▶ [Instructions for the task]:
Before copying, set the images aside; then transcribe every entry below exactly.

### Material provided

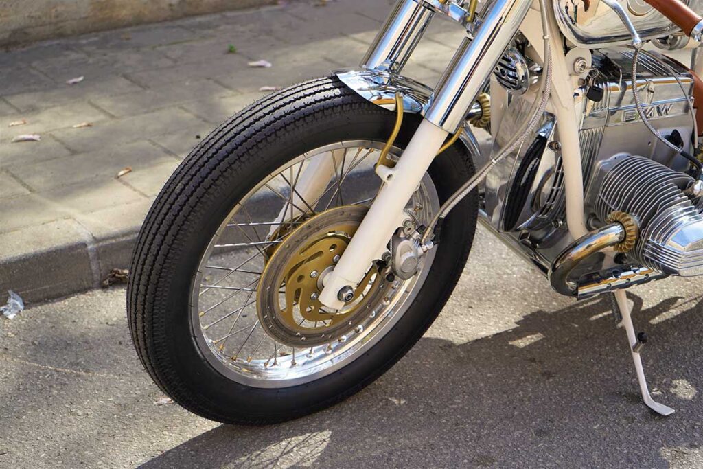 En esta BMW bobber scrambler también destacamos el asiento colgante tapizado en marrón con rombos, amortiguadores con botella de aire y los guardabarros recortados pegados a las ruedas de estilo bobber y finalmente unos neumáticos continental TKC 80.
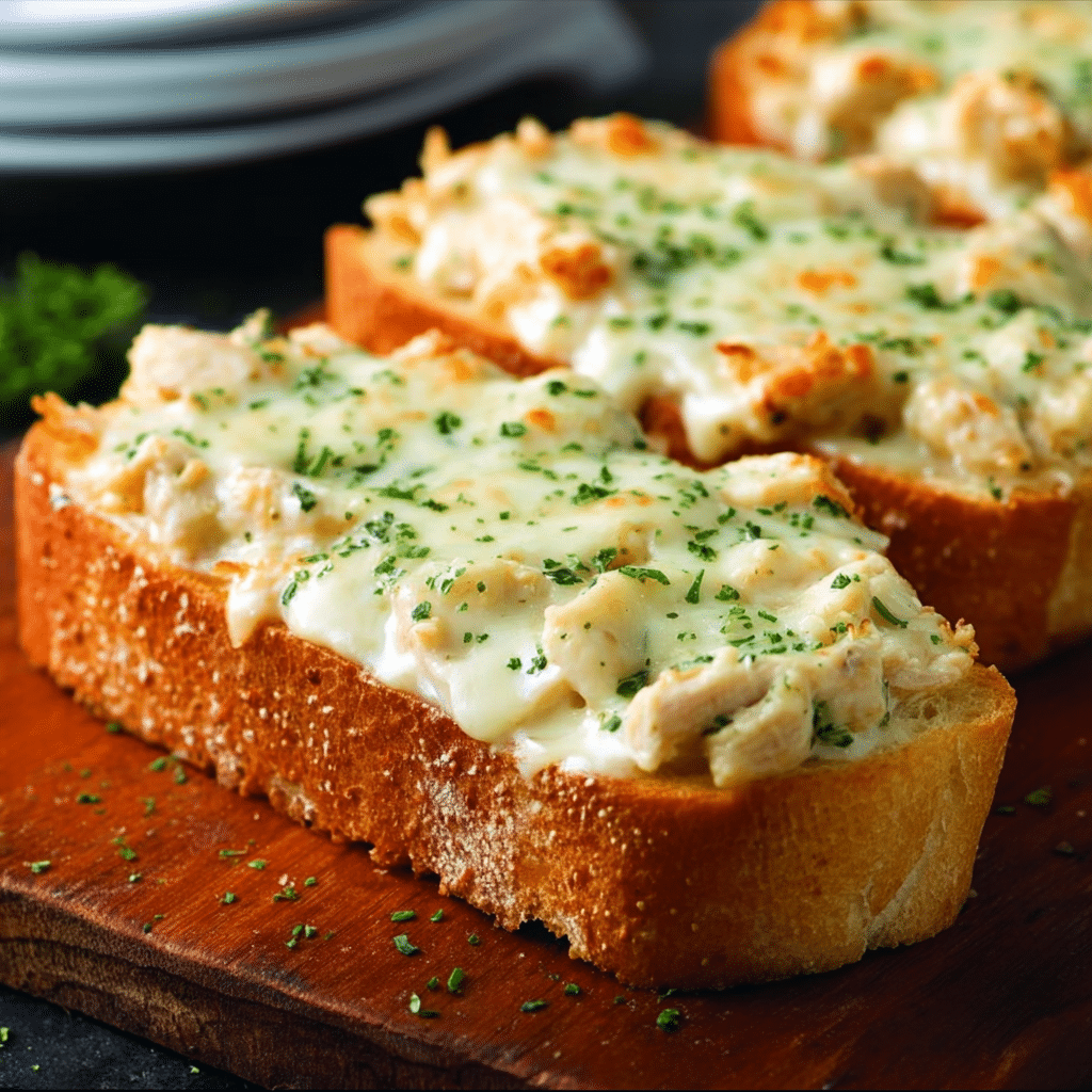 This recipe brings together two favorites—garlic bread and creamy Alfredo pasta—into one irresistible dish. It’s quick to prepare, incredibly flavorful, and perfect for using up leftover chicken. The crispy bread contrasts beautifully with the creamy topping, making every bite satisfying. Whether for a casual dinner or a party snack, it’s always a hit.
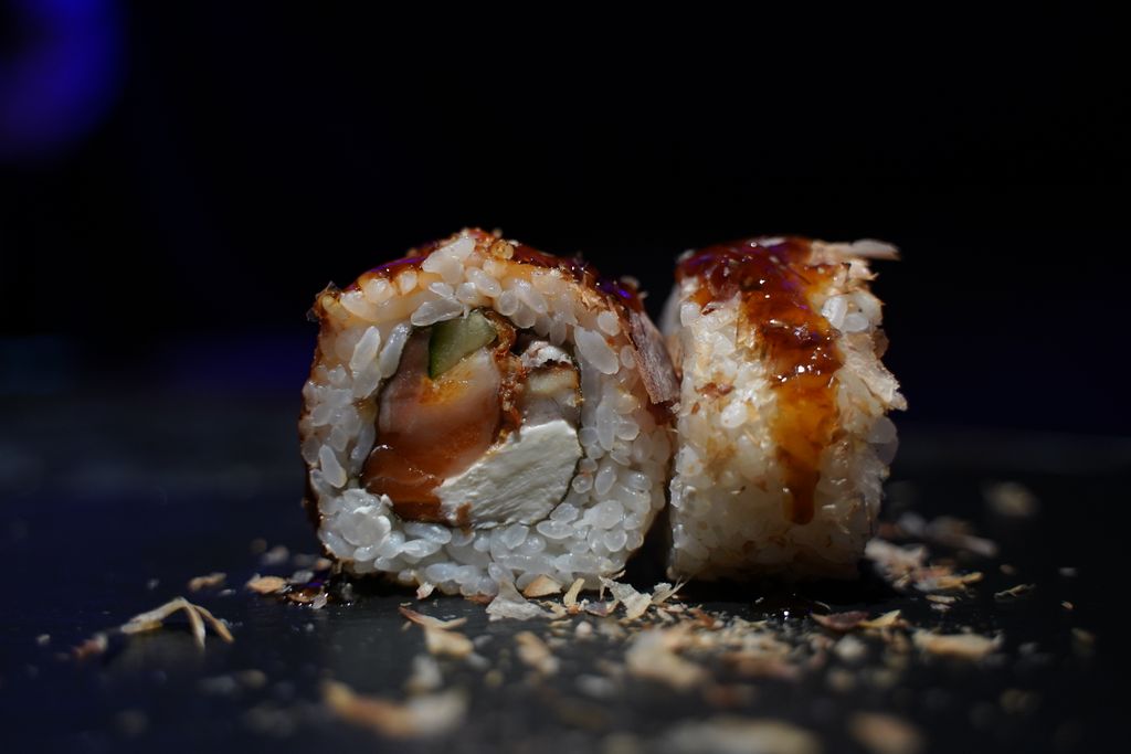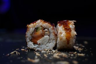 рис, сливочный сыр, огурец, копченый угорь, свежий лосось, стружка тунца, соус унаги
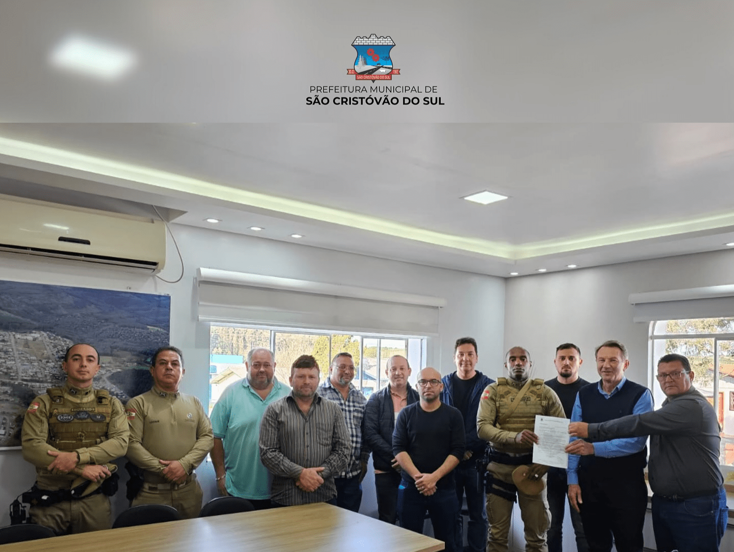 A pedido do prefeito do município de São Cristóvão do Sul, Jaime Cesca foi realizada na tarde desta quarta-feira (16), uma reunião no gabinete do prefeito que contou com a presença do Tenente Coronel Rodrigues e comandante do 33º Batalhão da PM de Curitibanos, o 1º Sargento Leonir, responsável pelo grupamento da PM em São Cristóvão do Sul e o Sargento Eduardo do setor de Planejamento do 33º BPM, do Executivo e do Legislativo com objetivo de debater sobre a segurança pública no munícipio.
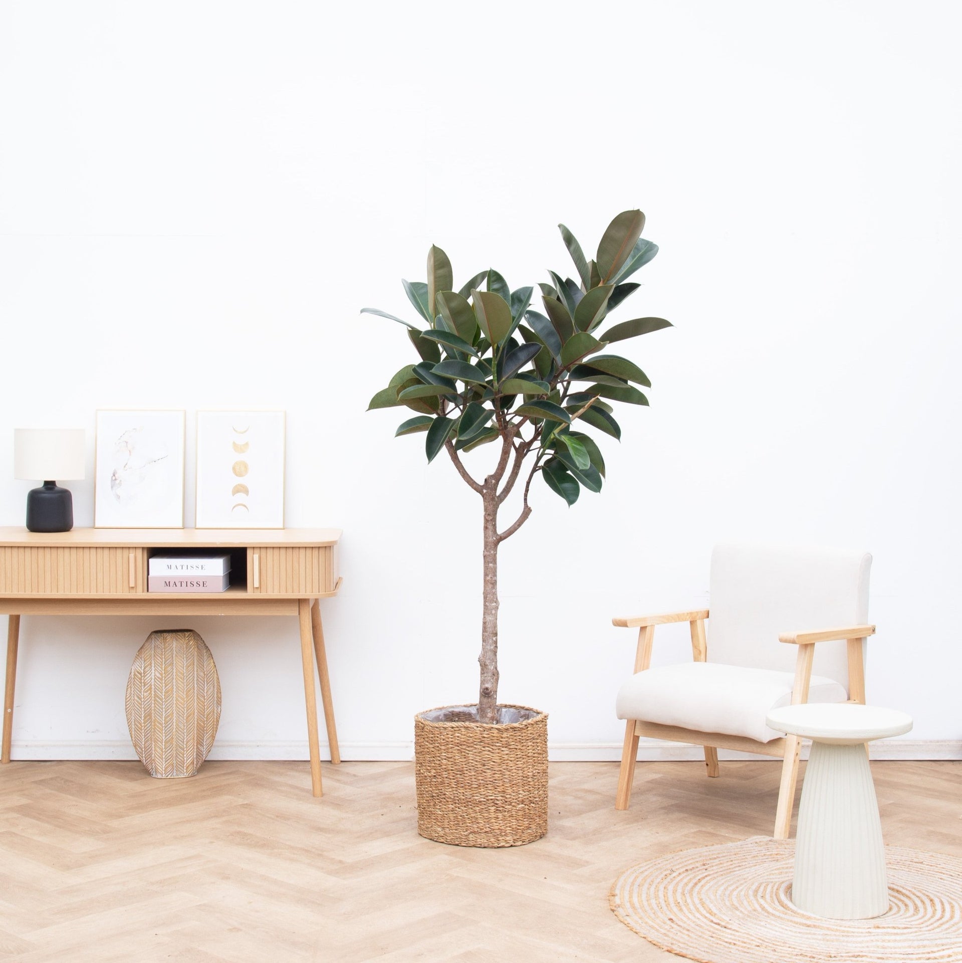 The Ficus Elastica Burgundy is a strong and robust houseplant that requires little care but adds a lot of atmosphere to your interior. With its shiny, deep red leaves and elegant trunk, it is a real eye-catcher. This plant thrives in a stable location and does not like being moved. Keep the leaves clean by wiping them occasionally with a damp cloth – this will keep them shiny and allow them to breathe better.
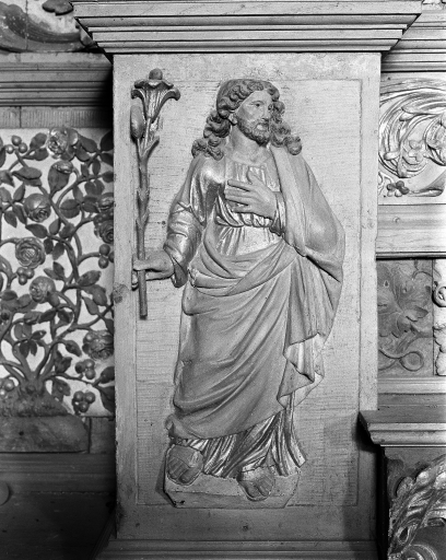 Socle gauche, détail : haut-relief représentant saint JosephImmatriculation
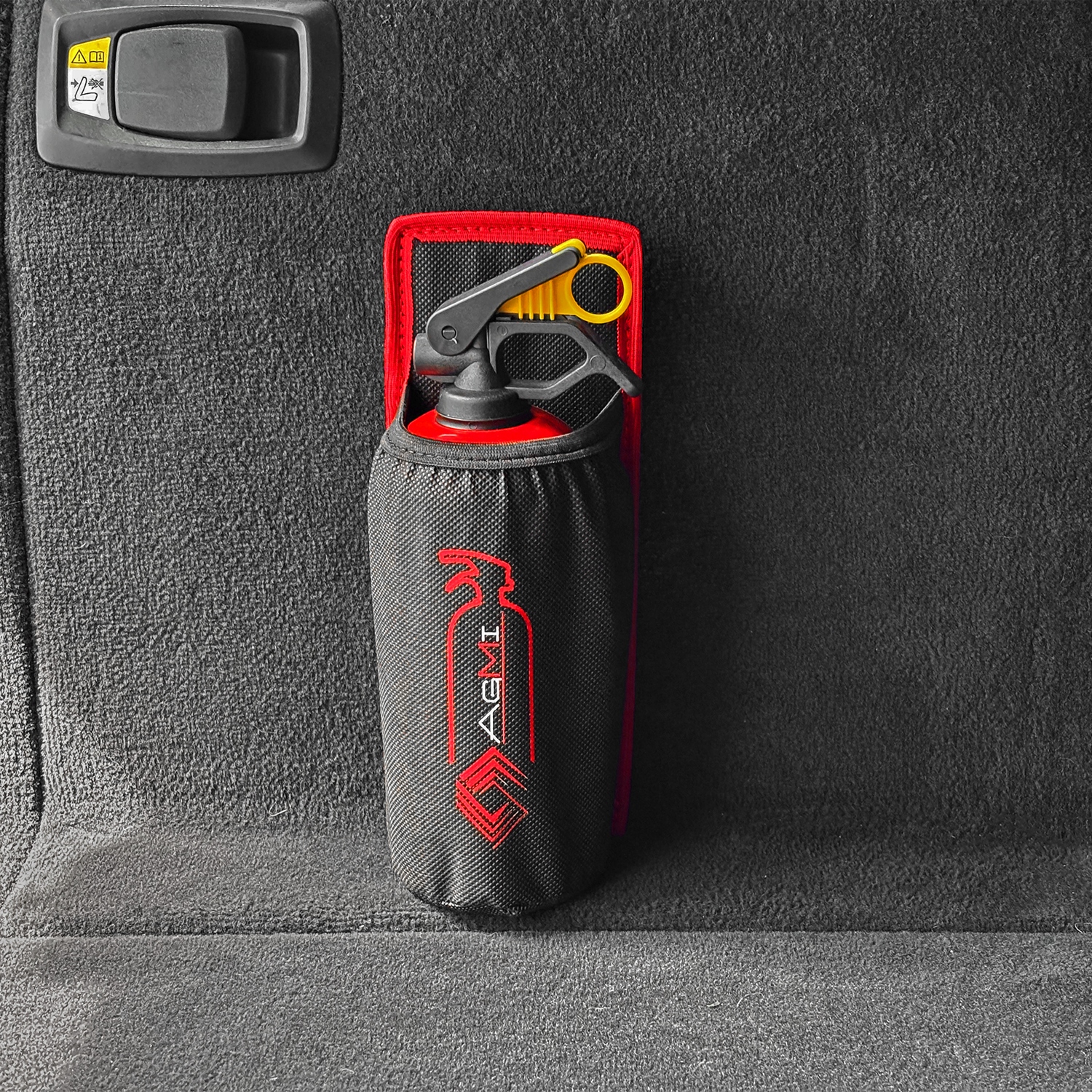 Завдяки нашій ручці ви можете безпечно транспортувати вогнегасник у багажнику автомобіля! Сильна липучка означає, що вогнегасник утримується впевнено і не рухається в багажнику!

######

▶ [Answer to this exercise]:
 En esta BMW bobber scrambler también destacamos el asiento colgante tapizado en marrón con rombos, amortiguadores con botella de aire y los guardabarros recortados pegados a las ruedas de estilo bobber y finalmente unos neumáticos continental TKC 80.
 This recipe brings together two favorites—garlic bread and creamy Alfredo pasta—into one irresistible dish. It’s quick to prepare, incredibly flavorful, and perfect for using up leftover chicken. The crispy bread contrasts beautifully with the creamy topping, making every bite satisfying. Whether for a casual dinner or a party snack, it’s always a hit.
 рис, сливочный сыр, огурец, копченый угорь, свежий лосось, стружка тунца, соус унаги
 A pedido do prefeito do município de São Cristóvão do Sul, Jaime Cesca foi realizada na tarde desta quarta-feira (16), uma reunião no gabinete do prefeito que contou com a presença do Tenente Coronel Rodrigues e comandante do 33º Batalhão da PM de Curitibanos, o 1º Sargento Leonir, responsável pelo grupamento da PM em São Cristóvão do Sul e o Sargento Eduardo do setor de Planejamento do 33º BPM, do Executivo e do Legislativo com objetivo de debater sobre a segurança pública no munícipio.
 The Ficus Elastica Burgundy is a strong and robust houseplant that requires little care but adds a lot of atmosphere to your interior. With its shiny, deep red leaves and elegant trunk, it is a real eye-catcher. This plant thrives in a stable location and does not like being moved. Keep the leaves clean by wiping them occasionally with a damp cloth – this will keep them shiny and allow them to breathe better.
 Socle gauche, détail : haut-relief représentant saint JosephImmatriculation
 Завдяки нашій ручці ви можете безпечно транспортувати вогнегасник у багажнику автомобіля! Сильна липучка означає, що вогнегасник утримується впевнено і не рухається в багажнику!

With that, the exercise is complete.